What happened to Minnesota real estate in late 2012? 2012 in MN was a weird year, it started off with a bang and quickly fizzled only to have a slight bump in late summer and early fall. But yet over all our homes showed appreciation over the past 12 months since late 2011.
I place blame on a few things that made this year’s Minnesota real estate market volatile. Let’s start with the fact this is an election year and not just an election year but a presidential election year. Every 4 years we go through the same chaotic even and our market takes a hit because of the unknown. It sounds dumb and I agree, the election year places a huge toll on our market when the reality is it should not. I’m not sure if it’s just that people are overwhelmed with all that is going on but it happens every 4 years. But the plus side is the year following an election typically rebounds to some extent.
One thing that happened this year that really upset me was the Federal Reserve coming out and stating they will hold rates low until at least 2015! What? Why? I understand we are recovering from bad times but come on! Coming out and basically saying take your time to recover just crushed our momentum! The sense of urgency and desire to buy was just yanked out from under all of us and I can see the buyers reverting back into procrastination and the sellers paying the price. Why buy now, rates will be low for a few year? The reality is, rates may be low but what good does that do when home values are appreciating? Come to think of it isn’t that what happened in the early 2000’s? Low rates and appreciation created a bubble?
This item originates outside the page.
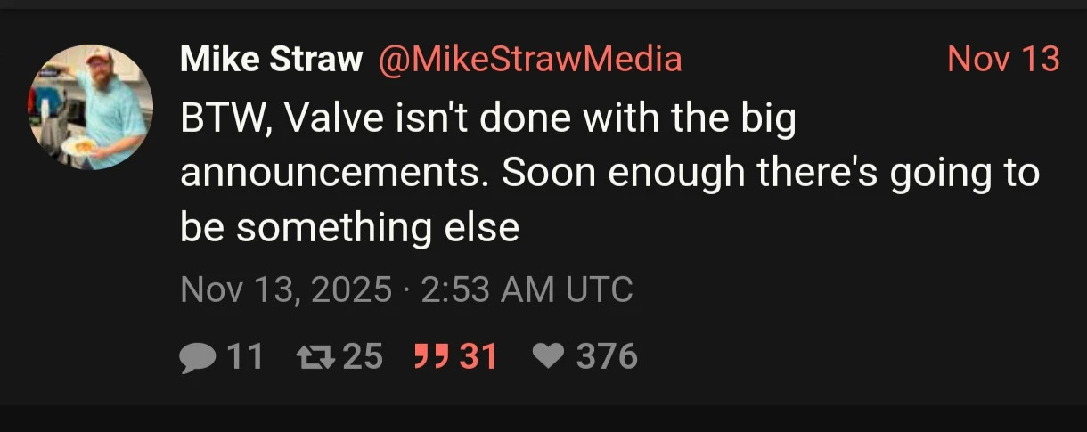 So if it is not obvious I am extremely excited for all 3 of :steam: Valve's new hardware releases. I have not been this pumped for new gaming hardware I think since the.... #Steam Deck. Each of the releases has me jazzed for different reasons. I think the Frame will surprise quite a lot of people once they release how low powered it is. The wireless streaming dongle that comes in the box with it I think was such a smart experience to ensure anyone who has a decent rig can get a solid connect.

Let’s figure this out Washington and meet in the middle on this and stop swinging from one side to the other! So where does that leave Minnesota real estate in 2013? To be honest I think it will be better as things settle down but with low rates taking away some urgency I am hoping and relying on other factors such as job creation and recovery to give the entire market it needs to finally get back to normal. If people can work and rates stay low then that can provide relief in the marketplace if people do realize appreciation means the low rates won’t equal necessarily saving tons of dough. Short sales and foreclosures appear to have peaked about a year ago and while they still exist the overall weight of these homes is no longer causing the negative affects in the Minnesota real estate market.